YOUR OBJECTIVE – When you reach the line below that has "猫渕さんのおとうとのぬいぐる", start returning lines exactly, and stop after the line that has "男性向けラノベタイトル風あだ名 | 『はんにんひらいしの憂鬱』 |"; skip the pictures.

[ENTRIES SUPPLIED Boundary: Start]

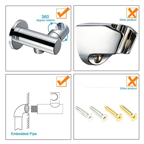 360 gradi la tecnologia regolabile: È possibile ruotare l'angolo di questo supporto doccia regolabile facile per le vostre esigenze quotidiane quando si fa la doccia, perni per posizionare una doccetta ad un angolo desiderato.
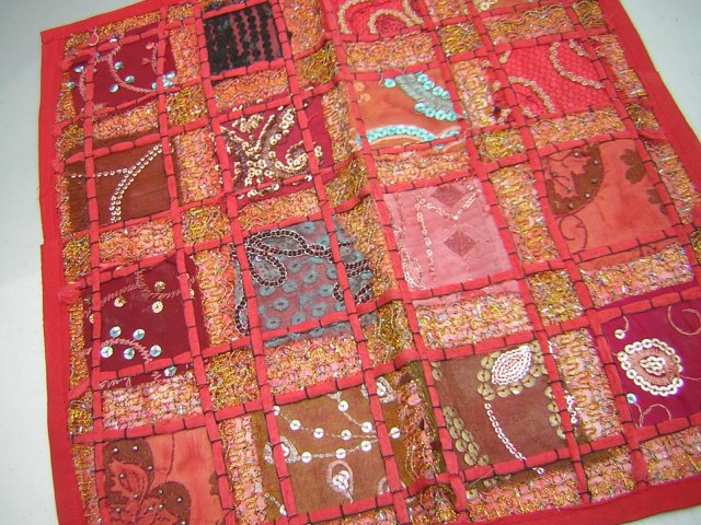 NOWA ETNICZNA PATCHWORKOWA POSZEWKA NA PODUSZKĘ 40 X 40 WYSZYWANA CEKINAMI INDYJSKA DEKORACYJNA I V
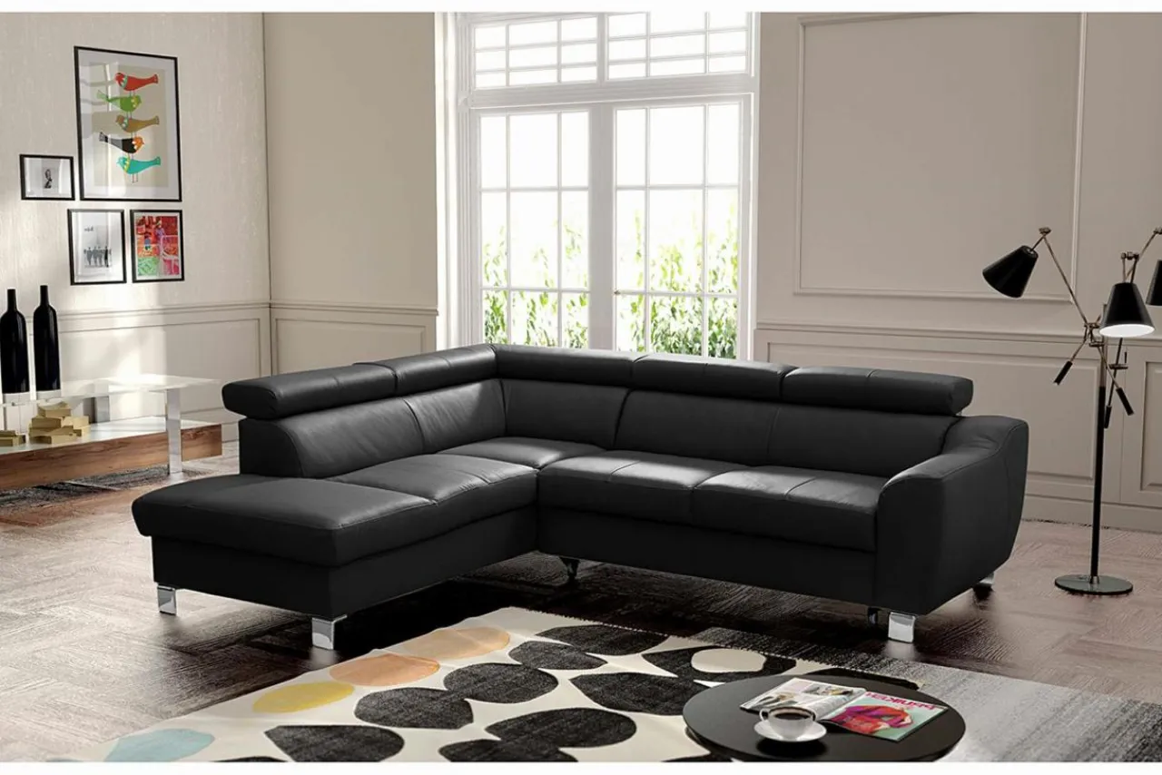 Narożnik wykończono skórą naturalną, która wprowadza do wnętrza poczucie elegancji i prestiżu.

[ENTRIES SUPPLIED Boundary: End]
[ENTRIES SUPPLIED Boundary: Start]

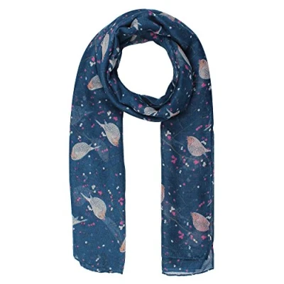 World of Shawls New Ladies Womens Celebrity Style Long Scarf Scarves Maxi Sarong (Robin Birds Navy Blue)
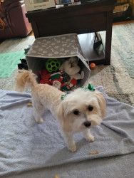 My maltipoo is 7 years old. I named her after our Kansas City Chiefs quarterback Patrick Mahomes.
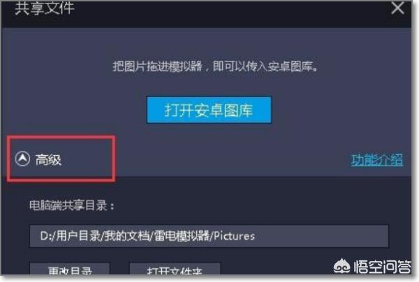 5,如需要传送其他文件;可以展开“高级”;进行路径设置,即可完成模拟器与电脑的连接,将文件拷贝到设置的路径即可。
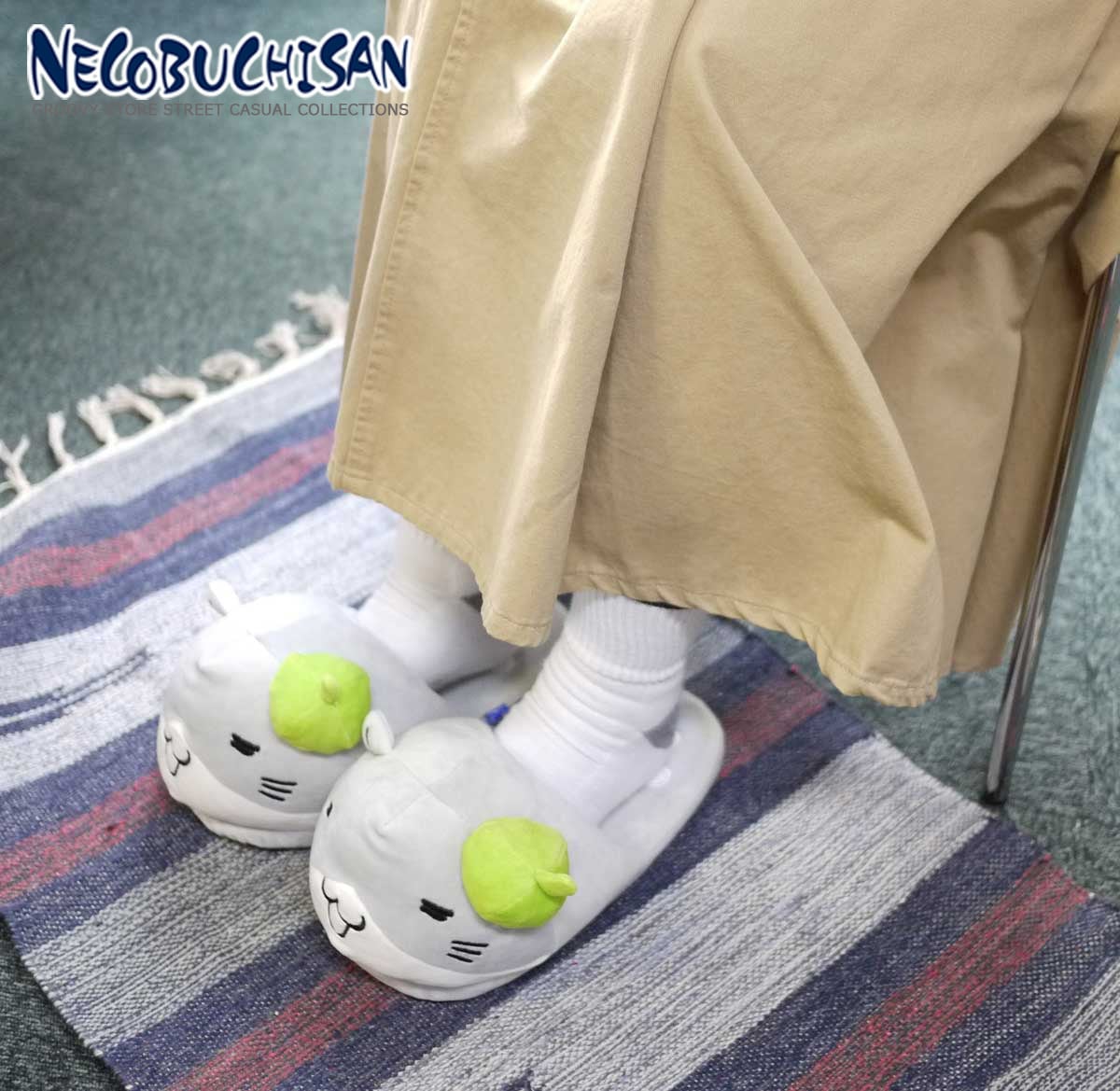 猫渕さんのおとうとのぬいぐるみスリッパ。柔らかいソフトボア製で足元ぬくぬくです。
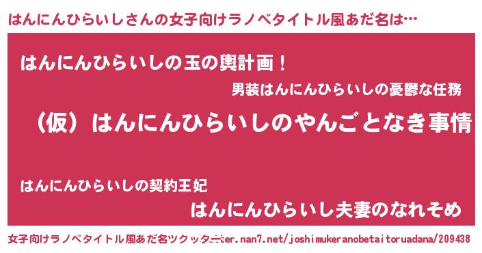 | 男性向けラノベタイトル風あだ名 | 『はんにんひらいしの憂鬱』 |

[ENTRIES SUPPLIED Boundary: End]

WRITTEN SOLUTION –
 猫渕さんのおとうとのぬいぐるみスリッパ。柔らかいソフトボア製で足元ぬくぬくです。
 | 男性向けラノベタイトル風あだ名 | 『はんにんひらいしの憂鬱』 |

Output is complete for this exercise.